In a strongly worded intervention, Adeyemi said the debate over eligibility “should not exist at all,” stressing that the applicable law and declaration governing succession to the Awujale stool are “clear, explicit and settled.”
“By any objective standard, the current debate over eligibility for the throne of the Awujale of Ijebuland should not exist. The law is clear. The declaration is explicit,” he said.
According to Adeyemi, the applicable instrument is the Customary Law Declaration regulating the selection of the Awujale, validly made under Section 4(2) of the Chiefs Law of 1957 and reaffirmed by the Ogun State Chieftaincy Law of 2021.
He dismissed claims that the 2021 law altered succession rules, saying:
“Contrary to popular claims, the 2021 law did not change the declaration. It reinforced it. Those insisting otherwise are either mistaken or deliberately misleading the public.”
The declaration recognises four ruling houses: Gbelegbuwa, Fusengbuwa, Anikinaiya and Fidipote; and fixes the order of rotation as Anikinaiya, Fusengbuwa, Fidipote and Gbelegbuwa.
“No committee, court of public opinion or self-help interpretation can amend this order,” Adeyemi said.
At the heart of the controversy, he noted, is the issue of lineage. The declaration, he stressed, allows only members of the ruling houses of the male line to be proposed as candidates.
“Female-line succession is a last resort, not an alternative pathway,” he said, adding that it is permitted only where no eligible male exists and even then under “strict and narrowly defined conditions.”
He argued that many of those currently jostling for the throne trace their claims through female lines despite the availability of male-line candidates.
“That reality alone disqualifies them under the existing declaration. The law does not bend to ambition,” Adeyemi said.
The analyst also pointed to procedural safeguards in the declaration, explaining that once a vacancy occurs, the local government secretary must announce the next ruling house, which then has 14 days to present a candidate.
“Failure to do so lawfully triggers a move to the next ruling house in rotation. This safeguard ensures order, not chaos,” he said.
He emphasised that the law requires strict adherence to the declaration in force at the time a vacancy occurs- in this case, the existing declaration governing Ijebuland.

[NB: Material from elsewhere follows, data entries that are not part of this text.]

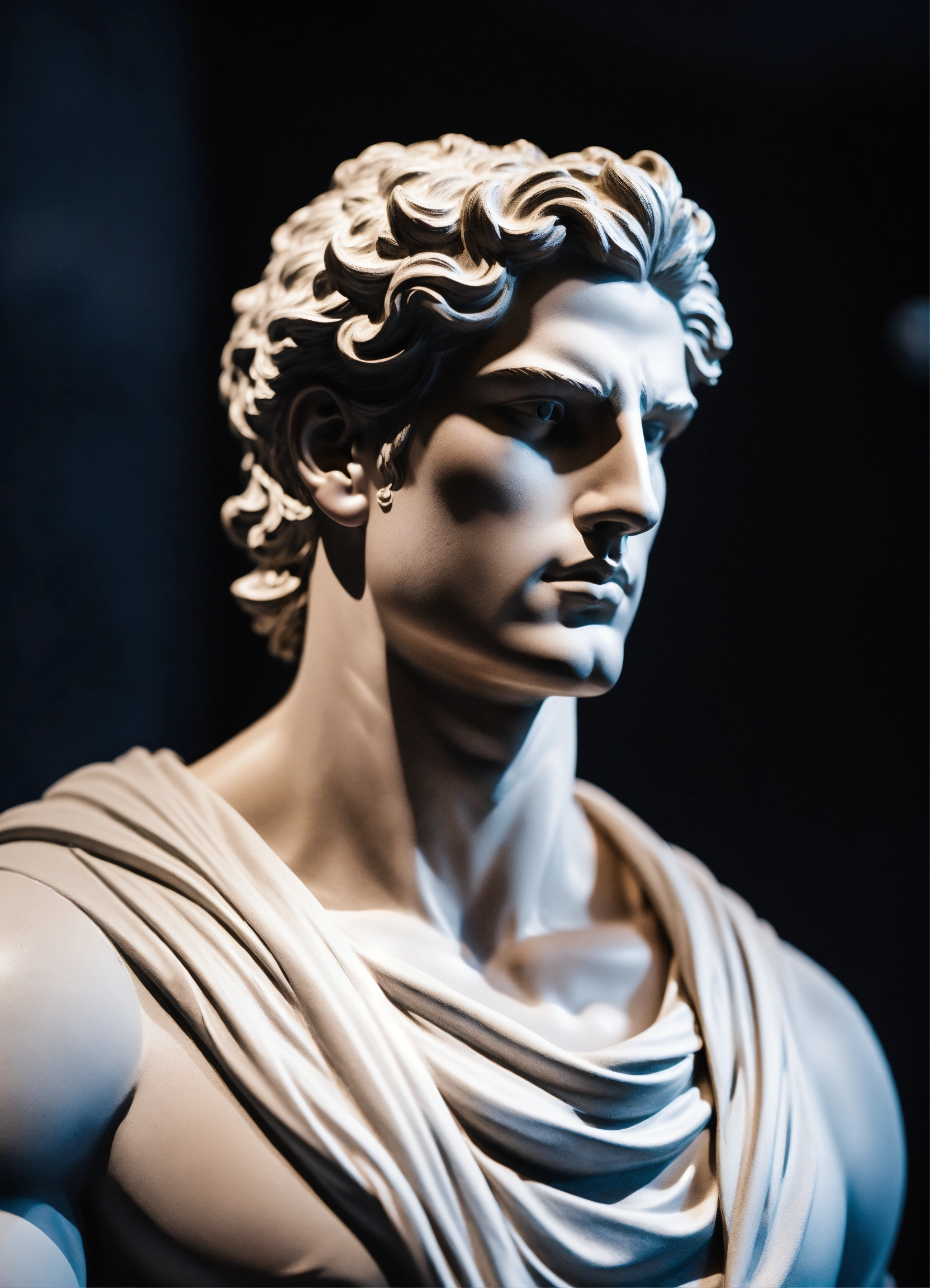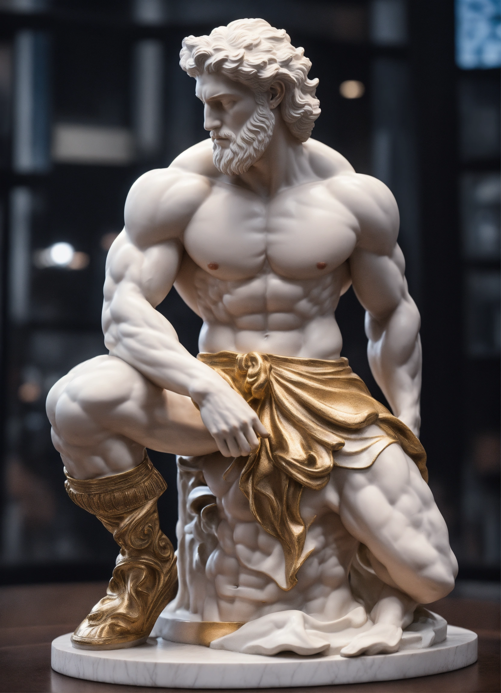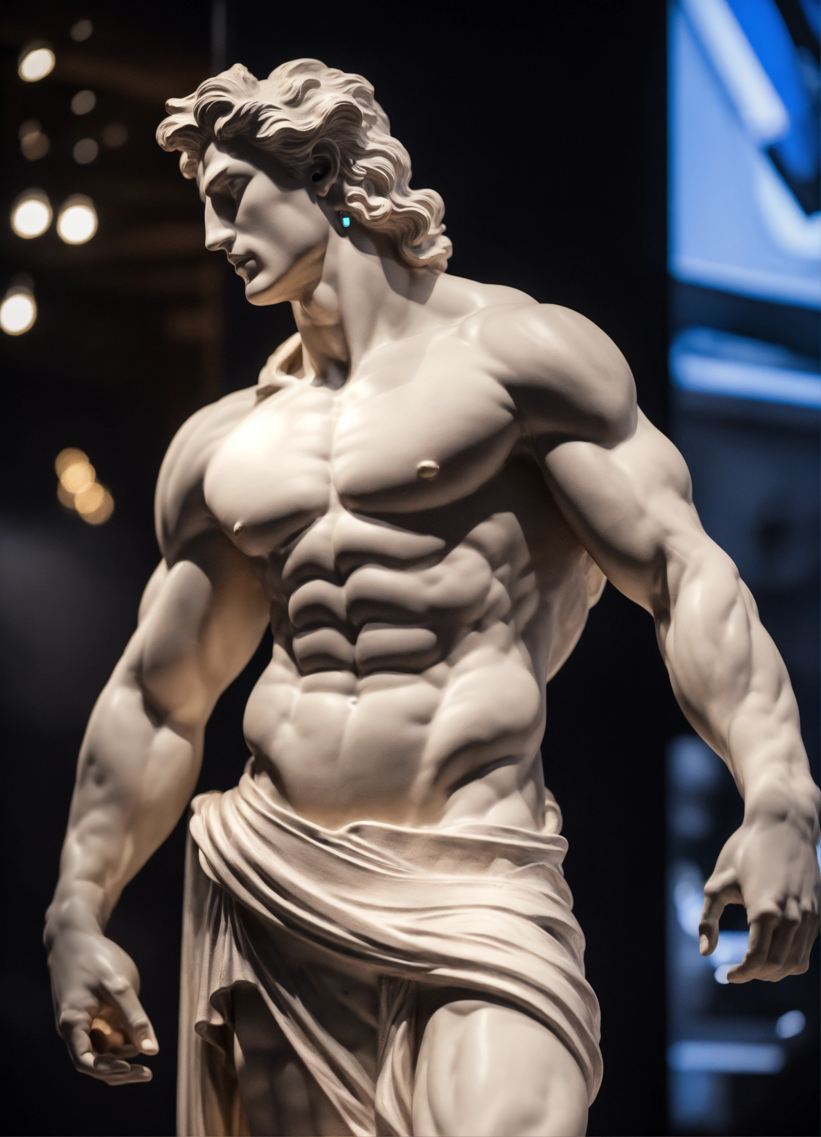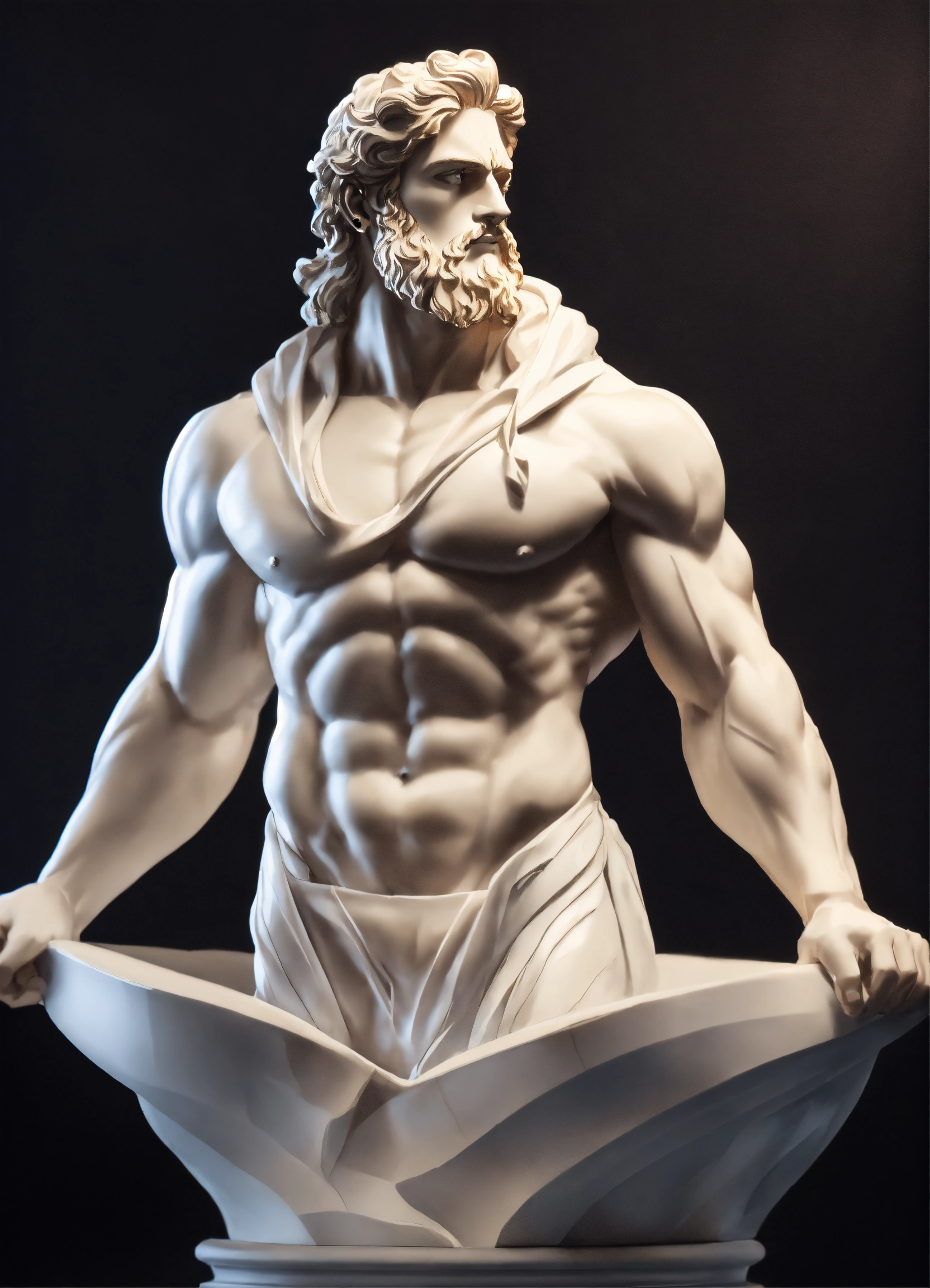 A statue from a muscular greek god statue with a wavey middel parting hair with white color on his body with a black backround standing on a podest animeted style 8k wearing airpods and a black hoddie
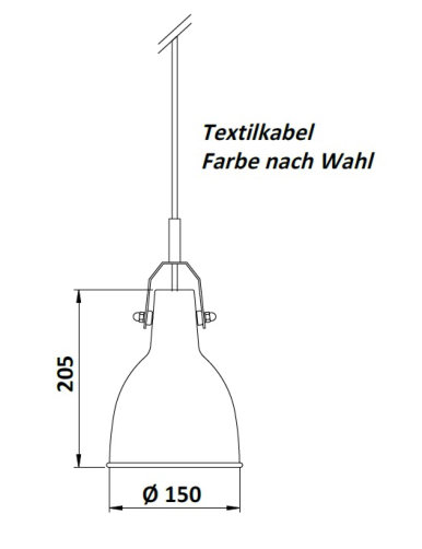 Die Lichtquelle der Pendelleuchte Calix 4 befindet sich in einem hochwertigen metallischen Reflektor, dessen Form und Farbe kundenspezifisch anpassbar ist. Das Textilkabel ist in Länge und Farbe frei zu wählen.
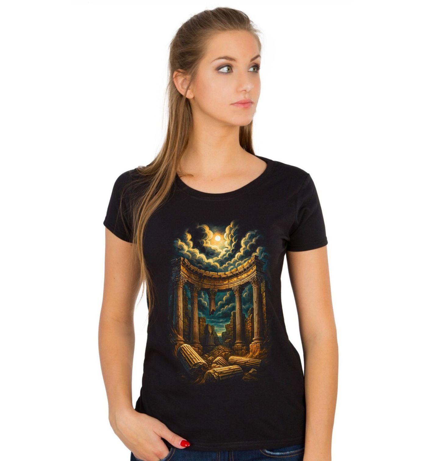 Dámské tričko Zřícený Olymp v Ruinách. Tajemné ruiny zahalené měsíčním světlem symbolizují bájný Olymp – posvátné sídlo řeckých bohů, kde podle legend vládl Zeus a odkud bohové rozhodovali o osudech lidí. Řecká mytologie je plná hrdinů, bohů a epických příběhů a právě Olymp stojí v jejím samotném středu. Hora Olymp nebyla jen místem na mapě, ale symbolem moci, nesmrtelnosti a božského řádu.
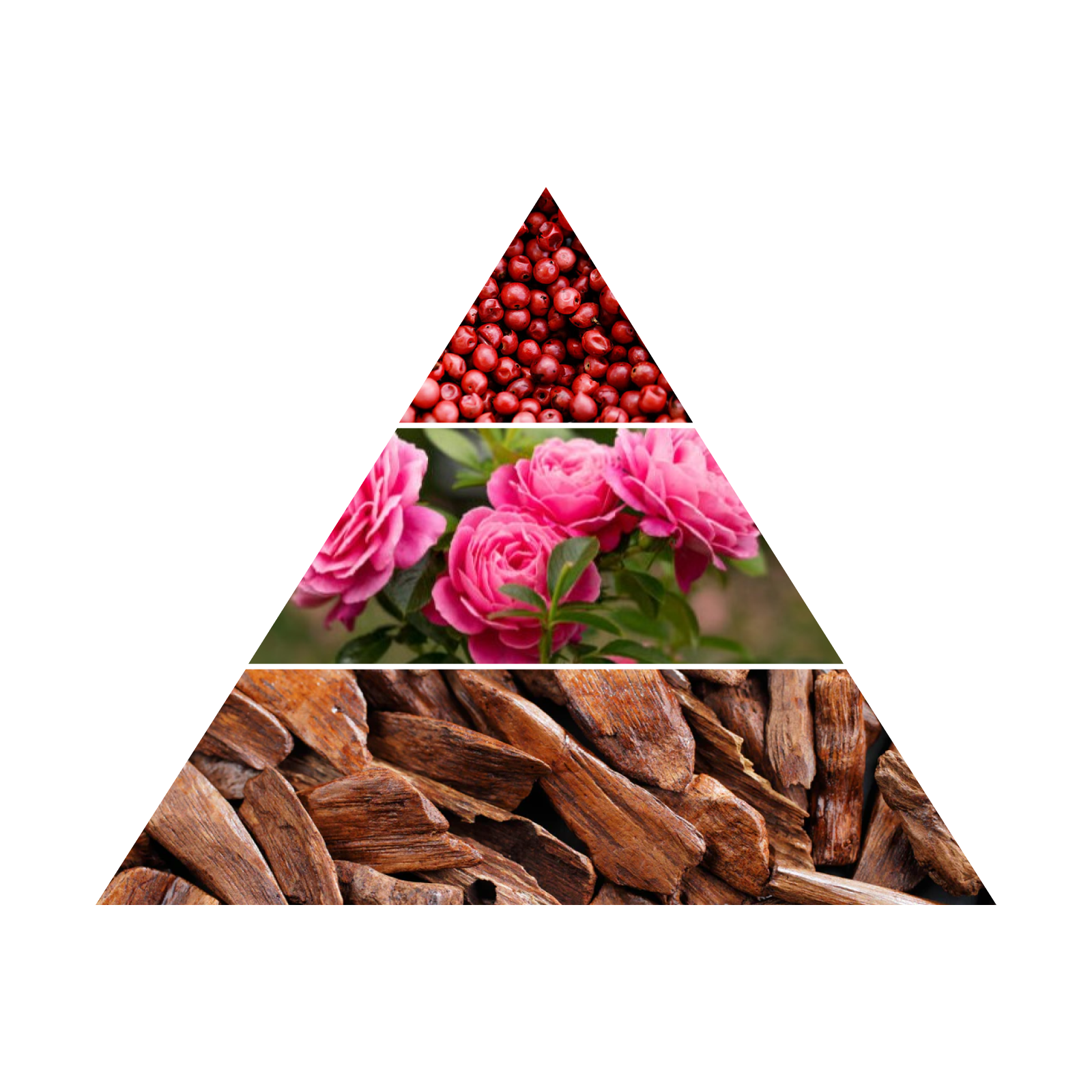 تركيبة عطرية مكثفة من الزهور والتوابل، تزخر بالحياة النابضة. يأتي بأفضل افتتاحية مع نوتة من ورد الصندل، تستكمل توهّجها مع الفلفل الوردي في قلب هذه التركيبة الفريدة، التي يلفها الباتشولي وخشب الصندل كوشاح فاخر دافئ، ليمنح العطر بعداً آسراً من الفخامة.
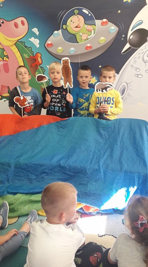 Dziś rozmawialiśmy o przygotowaniach zwierząt do zimy. Dzieci wcieliły się w rolę Wiewiórki Basi, Borsuka Kamila, Jeża Jacka i Niedźwiedzia Bartka i w grupach przygotowały teatrzyk dla swoich kolegów . Mali aktorzy zasłużyli na brawa !!!
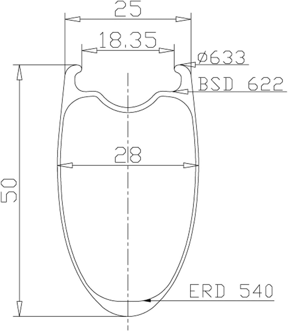 Only 890g Lightweight 700C Aerodynamic Carbon Road Bike Rims 50mm Depth 25mm Rim Width - 18.35mm Inner Width - 2-Way Clincher Tubeless: Use of either traditional tubed tires or tubeless tubeless tires; Tubeless tires can offer lower rolling resistance and better protection against punctures
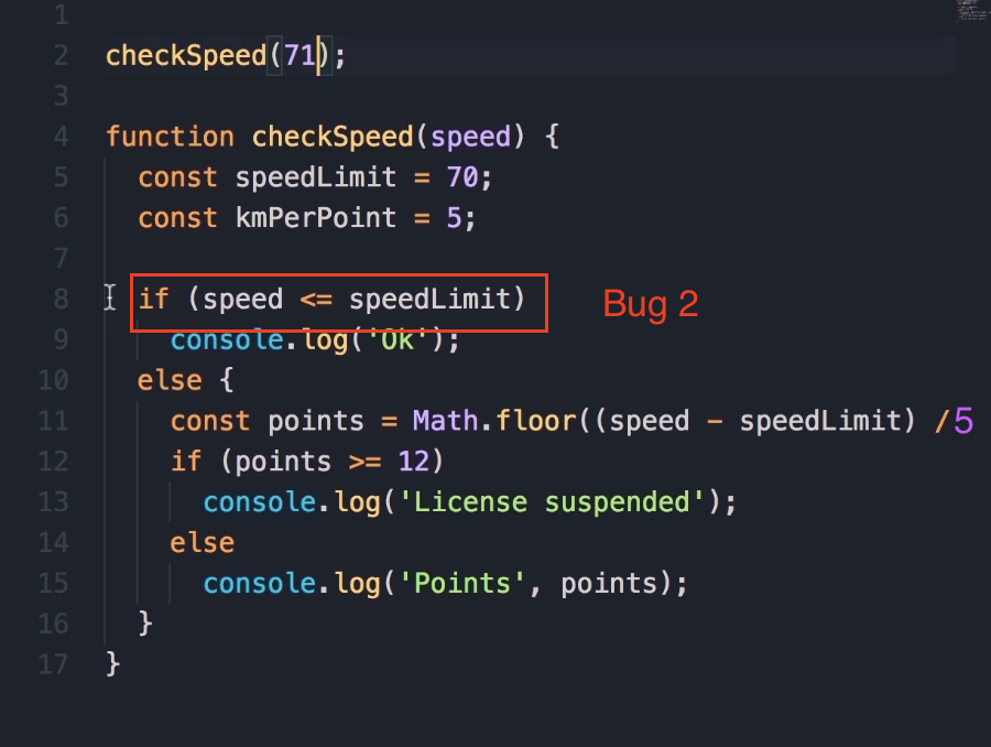 if (speed < speedLimit)toif (speed <= speedLimit).
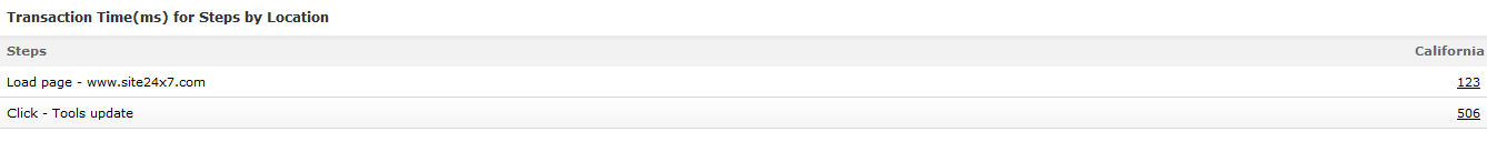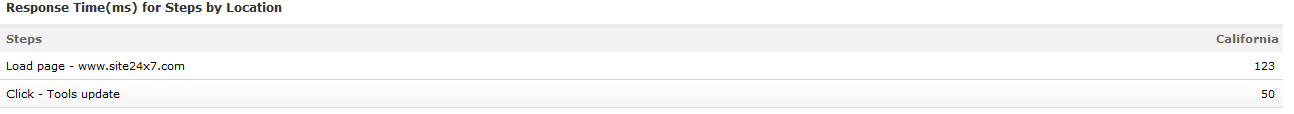 - Response Time (ms) for Steps by Location shows you the location wise time taken to download the entire HTML content of the web page.
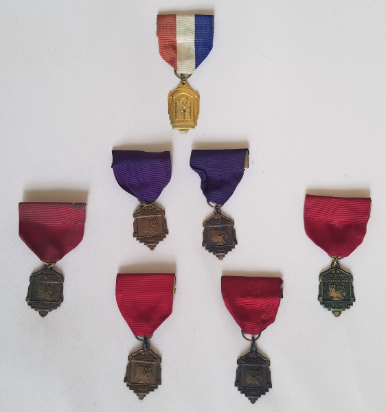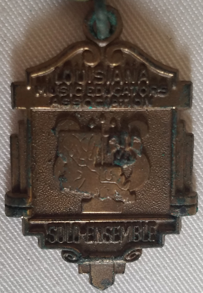 Prof also invited students to participate in Louisiana Music Educators Association (LMEA) sponsored talent competitions for soloists, duets, ensembles, etc. Prof put pressure on me to participate. As an up-and-coming trumpet player in the Music Department of some talent, I obliged, reluctantly, only because I was being strongly encouraged to do so. Standing in front of a panel of judges and playing a solo, then sight reading (playing a piece unseen by my own eyes) was quite intimidating. I believe I started participating in these events in the 9th grade, by playing a solo. I do not recall the pieces I played (I wish I could.) I just recall being extremely nervous about doing so. I did play a duet one year with my fellow trumpet player, and friend, Chuck Sabadie. Again, I do not remember the name of the piece we played. Back then, I believe the LMEA used a rating system of Superior, Excellent, and Satisfactory (they now use a different system.) We were awarded medals of various colors, which are shown here. But I do not know for which events I received these medals, nor for which rating the different medals apply. I am going to guess that purple medals are for Superior ratings, and red medals are for Excellent ratings. The red-white-and-blue medal is probably a participation medal of some kind for some event the band attended, but that memory has long been erased.
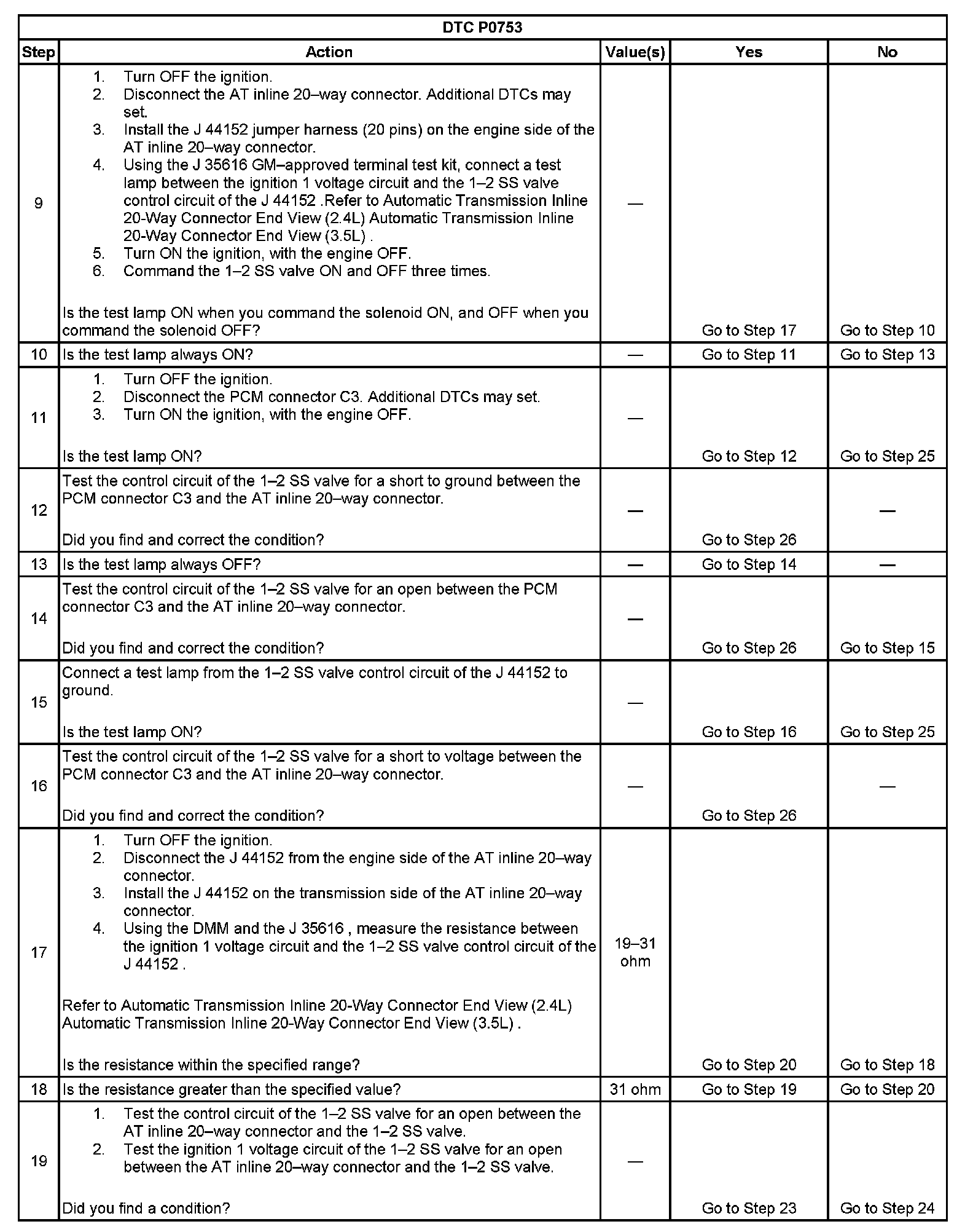 ^ The PCM stores DTC P0753 in PCM history.

Adeyemi cautioned against allowing emotion or pressure politics to override statute and custom.
“Traditional stools derive their authority not only from history but from order, custom codified into law,” he said. “Once sentiment overrides statute, tradition itself is weakened.”
He continued, “The succession debate surrounding the Awujale of Ijebuland has been sharpened by a clear legal and customary position that it is the exclusive turn of the Fusengbuwa ruling house to produce the next monarch, and not Gbelegbuwa or any other ruling house. Under the extant Customary Law Declaration regulating the stool, rotation among the four recognised ruling houses is explicit, and the current phase squarely places the right of nomination with Fusengbuwa.”
He concluded that the path to selecting the next Awujale is already laid out in law.
“The declaration is clear. The law is settled. In matters of the throne, noise must give way to law.”